Parcerias entre prefeitura, Conselho de Des. Rural e sindicatos rurais proporcionam entregas das sementes no tempo certo

Brasil de Fato | João Pessoa - PB |
Reprodução - Foto Reprodução

As chuvas estão chegando e, com elas, chega também o tempo de semear a terra. As famílias agricultoras que têm sementes em casa já estão pelo roçado, semeando. E para que as famílias aproveitem ainda mais o solo úmido, dois municípios da Borborema Agroecológica já iniciaram as entregas de sementes: Montadas e Lagoa Seca.

Devido a programas públicos, construídos com a participação ativa dos sindicatos rurais e do Conselho de Desenvolvimento Rural Sustentável, as prefeituras desses dois municípios inovam nessa ação. Além de fazer a distribuição das sementes no tempo certo, elas são de variedades crioulas, compradas pelo poder público junto a agricultores do próprio município ou em outro vizinho.
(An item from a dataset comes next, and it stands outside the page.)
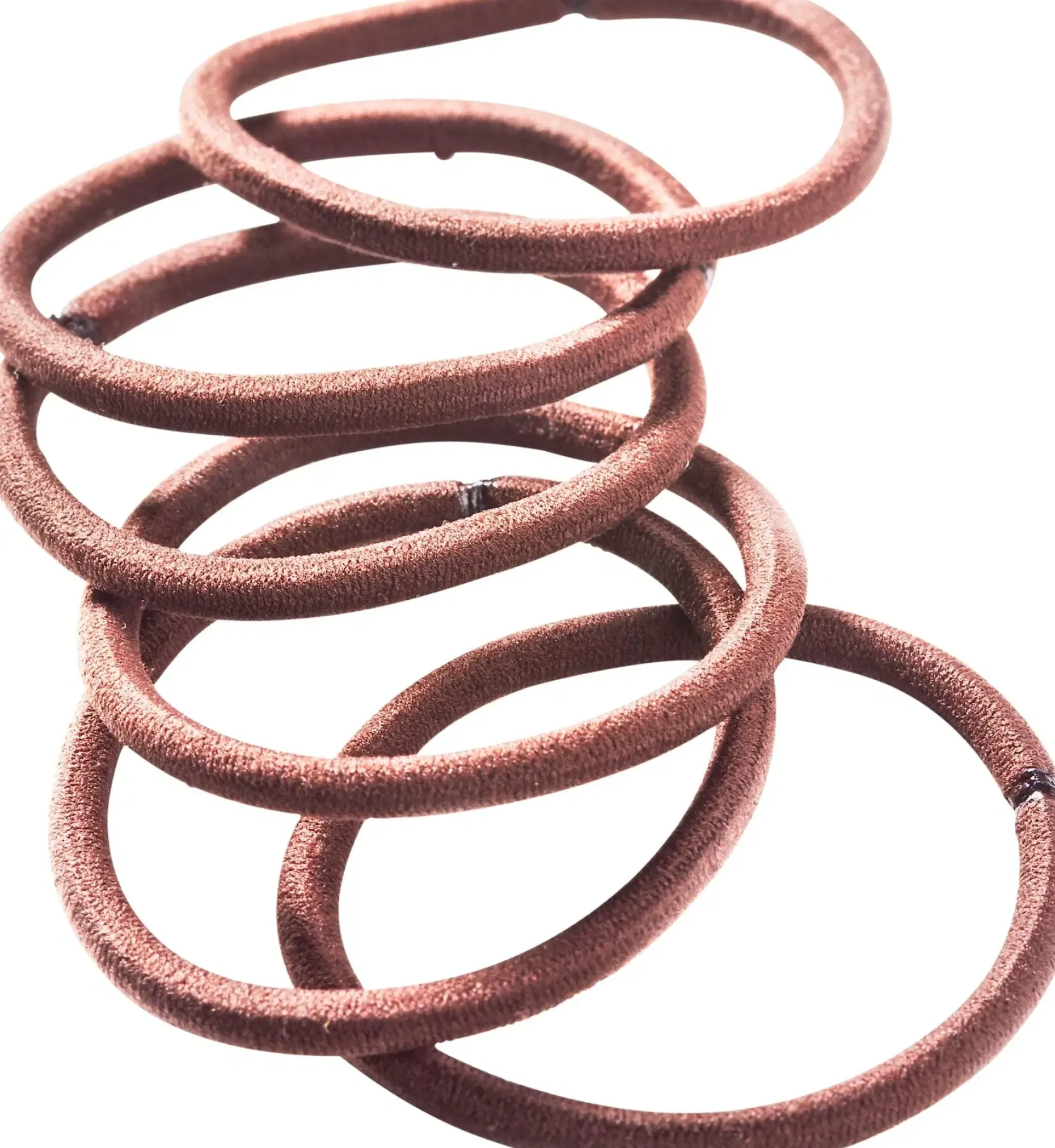 Pyöreät kumilenkit. 6 kpl. Väri: ruskea.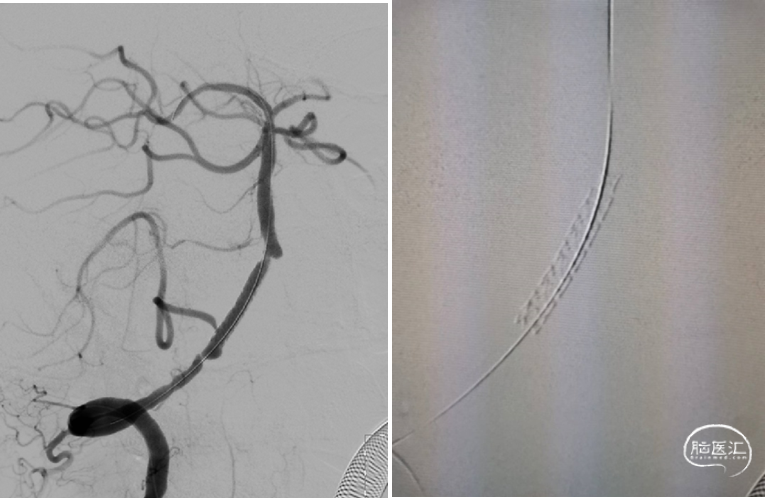 器械选择考量:狭窄节段较重,年龄不大,为避免术后再狭窄,故选用赛诺神畅 颅内药物洗脱支架NOVA DES®。

Reprodução / Imagem: AS-PTA Agricultura Familiar e Agroecologia

Por serem locais, as sementes estão adaptadas às condições ecológicas da região e isso aumenta as chances do lucro do roçado ser maior. As sementes de milho crioulo distribuídas passaram por testes com fitas imunocromáticas que identificam a presença de várias proteínas típicas de organismos geneticamente modificados.

“As sementes compradas pelo governo da Paraíba são variedades melhoradas em laboratório e produzidas em sistemas convencionais, geralmente compradas em grandes empresas sementeiras. Inclusive, no ano passado, três variedades de milho das quatro distribuídas estavam contaminadas com a transgenia. A contaminação foi detectada nos testes com fita que fizemos na AS-PTA”, destaca Emanoel Dias, assessor técnico da AS-PTA.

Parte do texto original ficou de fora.